OK, I need to replace my Ez-Lift round bar W/D hitch (with separate friction sway control), so I've been reading every posting on the site for a couple of months to educate myself. Well, feeling pretty good about the knowledge I've gained from my fellow Outbackers, I headed to a local hitch dealer to check prices and selection.

During the course of the conversation on dual-cam setups, the dealer (also the owner)stated that after the new hitch was installed (Reese/Titan trunnion bar) that I may not even need sway control or I may only need one cam at best (even though my Ram 1500 HEMI was only a glorified grocery-getter).

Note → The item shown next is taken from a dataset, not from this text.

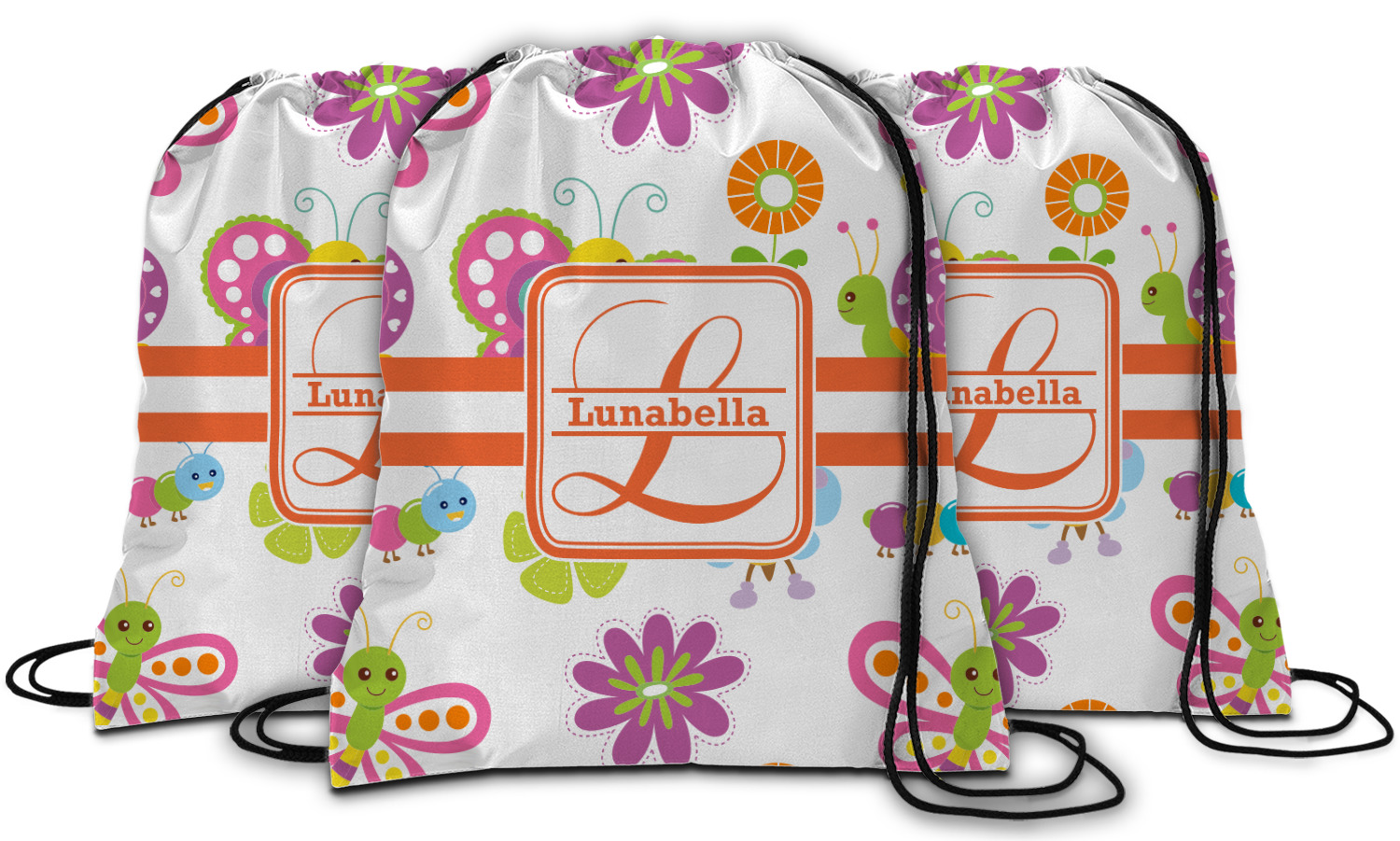 Our drawstring backpacks are custom made for you here in the USA. We offer a great selection of cinch bags and it is your choice to personalize them with the text of your choice, in the format of your choice i.e. monogram, name, initial, name & initial. We offer many different patterns and prints; and many of the patterns are available in 45 different colors.

Now, I've read all the debates and recommendations on all the brands and setups and I don't think I've once heard of using a single cam. Much less "not" using sway control at all on a 1/2 ton truck. So I'm thinking this guy may know hitches but not W/D.

Thoughts?


----------



## CamperAndy (Aug 26, 2004)

I don't think he even know hitches. The "Dual" cam is a two cam system for a reason. I have no idea how he could say you " may only need one cam at best "









Run do not walk to another dealer.


----------



## Red Beard (Feb 13, 2010)

Run.......RUNUUUUN 
A single cam....how...what um... OK no way they even works!








Seriously, that set up would likely send the truck into an uncontrolled push







and you and everyone in it to a grave. 
People like this really scare me&#8230;suppose you were a newbie and didn't know any better and jump in your truck and pull off the lot with your wife and kids in tow. My skin crawls just thinking about a situation like that. 
The purpose of the cams is to keep tension applied to the detents located at the end of the torsion bar. The cams in this hitch setup essentially keeps the trailer centered.


----------



## Jewellfamily (Sep 25, 2010)

uhhhh, yeah. Find someone else...


----------



## Snow (Sep 27, 2011)

I'm fairly new here and my knowledge on and about wdh is very limited, but are you sure the dealer was talking about a dual cam system and not a trunion based system with additional sway bars ??? Those I can see you only needing one, but a dual cam.. that's why it is called that, uses two ...


----------



## Bearhog (Feb 10, 2011)

Yep. I've decided to purchase from one of the many online retailers and install myself. I think I'm even going to spring for the extra $120 for a tongue weight scale so I have an even better idea of what I'm dealing with. Would try a truck scale but the nearest is an hour away.
Thanks for everyone's comments. I was hoping someone who had been in business as long as this retailer would have been more knowledgeable, but I knew something didn't smell right.


----------



## Scoutr2 (Aug 21, 2006)

I recommend the Equal-i-zer hitch. It is a very simple system that has built-in sway control. I started out with a trunion-bars-with-chains setup, along with a sway control device. Pulling my 29BHS with a half-ton Suburban was not pleasant. Over the winter, I switched ove to a 3/4-ton Crew Cab pickup and still wasn't satisfied with that hitch and sway setup. The truck helped, but the trailer still swayed. Switching to the Equal-i-zer made all the difference in the world. I have no sway at all, even with high cross-winds, semi-trailers, etc.

I ordered it through RVWholsalers and installed it myself in about four hours. It took a couple trips to get it dialed in correctly, but once properly adjusted, the trailer tows wonderfully.

Just my experienced opinion.

Mike


----------